1 brass pipe 2 Compressed air outlet 3 heater 4 insulation 5 Work support mechanism 6 Solenoid valve 7 Sequencer 8 compressed air flow 8a compressed air 9 Hot air flow 10 idlers 11 Exhaust damper 12 Support roller 51 Medium workpiece temperature characteristic curve 52 Large workpiece temperature characteristic curve of the present invention 53 Large workpiece temperature characteristic curve of conventional example 54 Small workpiece temperature characteristic curve of the present invention 55 Small workpiece temperature characteristic curve of conventional example 401 First disk 402 Second disk 404 drive motor 406 concave center 407 Spindle 441 Revolution axis 456 constant output spring 480 Motor for rotation 472 concave center Ws1 small work Ws2 small work Wsn small work WM1 Medium work WM2 Medium work WMn Medium work WL1 large work WL2 large work WL3 large work WLn large work

Claims (2)

(57) [Claims] 1. When heating works having different masses in the same heating furnace under the same heating conditions, compressed air is blown only from a large work and a small work from a nozzle installed in the furnace.
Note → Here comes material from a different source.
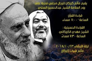 – . . . ۩ ﻣأﭠم ﻛرزﻛٱن .. . . . يقيم مأتم كرزكان للرجال مجلس تعزية على روح العلامة الشيخ عبدالحسين الستري . . 🔸️قراءة القرآن الساعة 7:00 مساء . . 🔸️القراءة الحسينية { الشيخ مهدي الكرزكاني } الساعة 7:30 مساء . . ليلة الاربعاء 23/10/2018 مأتم شباب كرزكان …
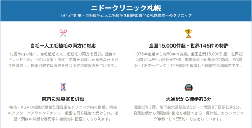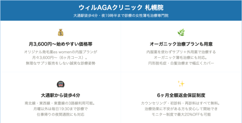 この記事では、札幌の女性薄毛治療クリニックを費用・立地・実績などの観点から詳しく比較していますので、クリニック選びの参考にしてみてください。

A method for heating a work in a furnace, which is characterized by the above. 2. A switching solenoid valve for controlling ON / OFF of compressed air according to a command from a sequencer based on information of a mass of a work read in advance according to a type of the work when the work is mounted on a heating furnace. The method for heating a work in a furnace according to claim 1, wherein the compressed air is blown automatically according to the mass of the work while the work is circulating in the heating furnace.